Winter 2007, Volume 23.2

Fiction

Photo of David McGlynn.

David McGlynn

Spin | Saw | Spring

David McGlynn was until recently Managing Editor of Western Humanities Review and now teaches at Lawrence University in Wisconsin. His stories and essays have appeared in Image, Black Warrior Review, Northwest Review, Shenandoah, Ninth Letter, and other publications.


 

Spin

Our first time by ourselves, my mother was nervous. She checked my sister and me into the airport two hours early, announcing to the counter clerk and the gate agent and the flight attendants that we were "two children flying alone." She demanded that we be outfitted with gold wings and buttons pinned to our denim jackets, which labeled us as too young to fend for ourselves or meet our father in the airport without a stranger to check his identification. While we sat in the vinyl chairs in the staging area, other families headed to Disneyland looked at us and whispered to one another, nodding, recognizing us. The children of divorce.

On one flight, a gray-haired woman sat with us and asked my sister about her schoolwork and whether or not I played any sports and promised the flight attendants to look after us.

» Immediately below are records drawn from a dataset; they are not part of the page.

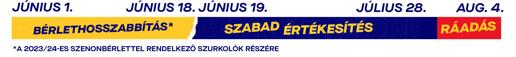 A teljes szezonbérletet és a félszezonos bérletet. A rájátszás bérlet (TOP5, TOP3, TOP2) meghosszabbítása nem lehetséges.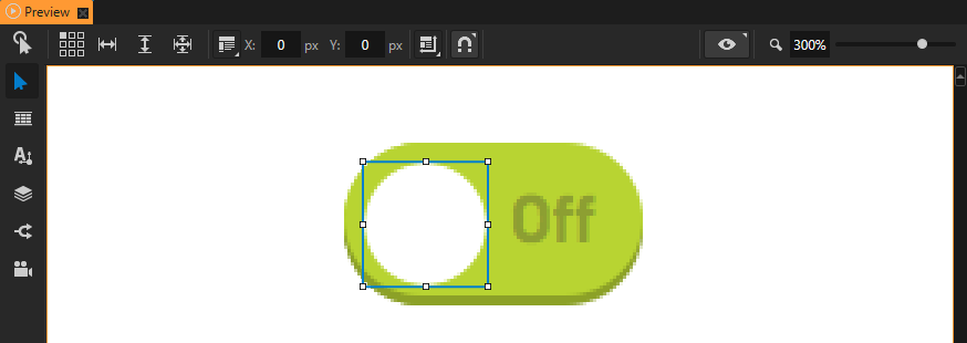 6. In the Preview use the Node tool to position the toggle button indicator over the On part of the ToggleButtonBackground node.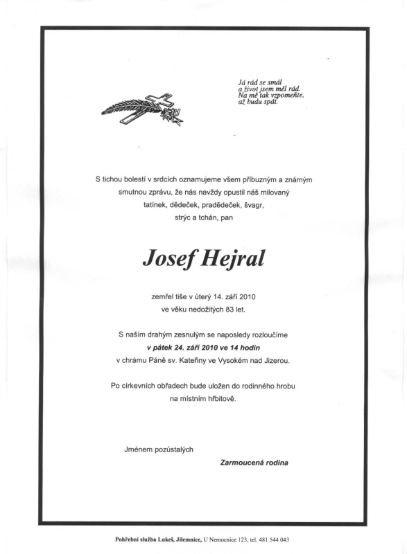 HEJRAL, Josef st., Vysoké nad Jizerou

We asked the flight attendant for a Coke and the woman piped up, "Bring these kids some milk. Coke isn’t good for them." She turned to me and said, "It’s a shame you have to fly like this. Without your Momma and without your Daddy. It’s just not right." We nodded, answered Yes Ma’am, sipped our milk, and prayed for the plane to fall.

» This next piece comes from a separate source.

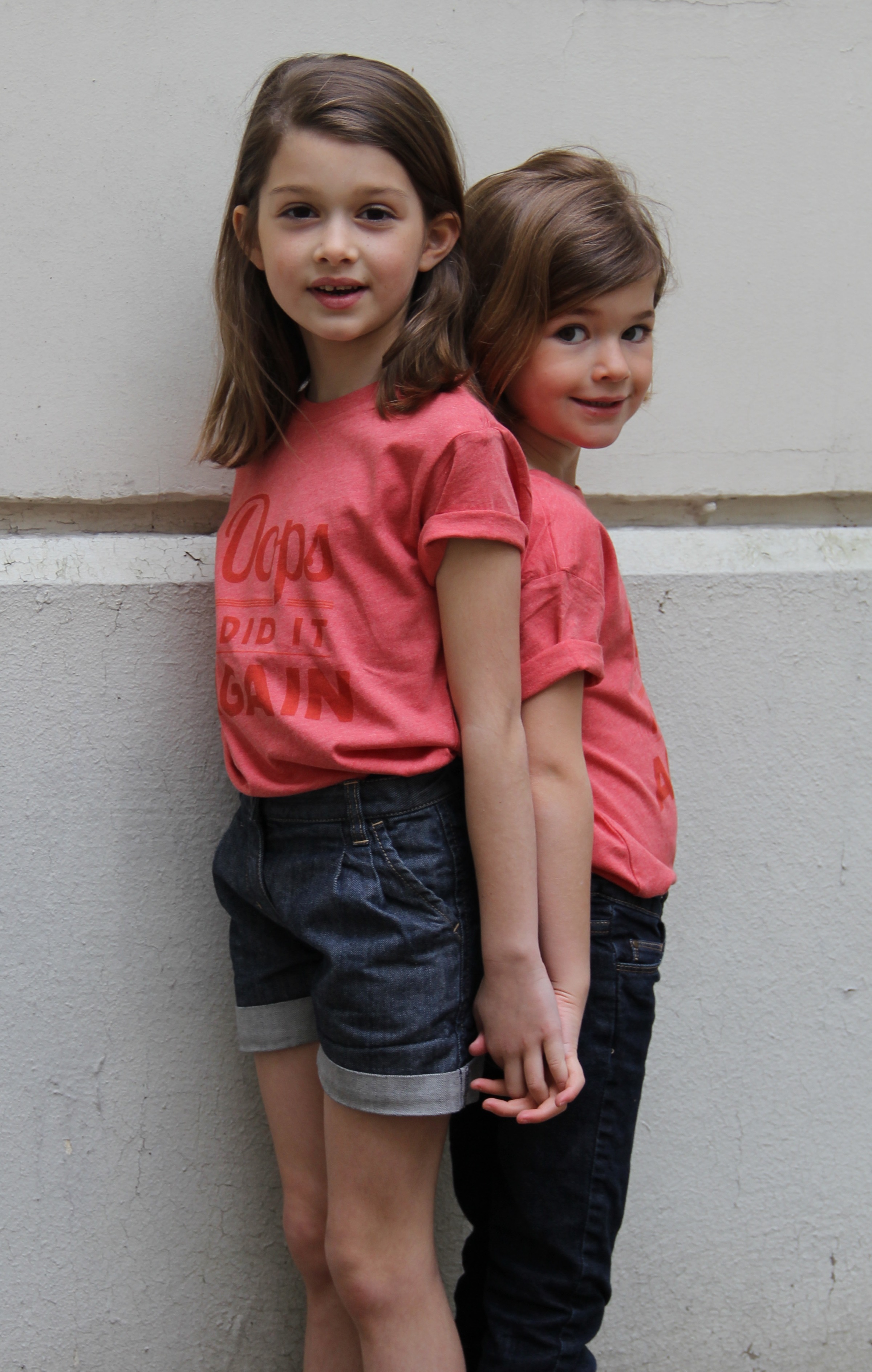 Info taille t-shirt enfant (« oops » et « rêves ») Le modèle est mixte, et taille bien (comprenez: ne taille pas petit!). Suivez donc cette petite astuce pour bien choisir la taille: Pour une fille ôtez 1 an à l’âge de l’enfant. (Ex sur les photos : Camille, 10 ans, porte le 9/11 ans; Madeleine, 7 ans, porte le 5/6 ans; Margaux, 6 ans, porte le 5/6 ans.) Pour un garçon prenez l’âge de l’enfant. (Ex sur les photos : Alfred, 7 ans, porte le 7/8 ans; Augustin, 3 ans et demi, porte le 3/4 ans; Louis, 4 ans, porte le 3/4 ans; Achille, 10 ans, porte le 9/11 ans.)

Soon we were seasoned enough to travel without interference from any grandmother or flight attendant, free to listen to our headphones and read our magazines and linger in the bathrooms of the plane without anyone there to usher us back to our seats. We drank as many Cokes as the attendants would give us. Sometimes we flew at different times. My father made sure my sister was on the non-stop flight between Houston and Los Angeles, but he saved money on my ticket by finding flights with layovers and plane changes. I bounced through Denver, Dallas, Phoenix, Las Vegas, even Albuquerque and El Paso. With time to kill, I wandered the airports with my headphones on, thumbed through the surfing and travel magazines and looked over the shoulders of the business travelers slowly leafing through the pages of Playboy or Penthouse or Hustler. I made friends with the other detached teenagers waiting for their connections and would sit with them on the floor by the gate and play cards or Tetris, talk about the parent we were leaving and the parent we were going to see. One winter, an ice storm shut down the Dallas airport where I was to change planes. I called my mother in Houston, and she said I needed to find a spot to wait. "It could be hours," I said.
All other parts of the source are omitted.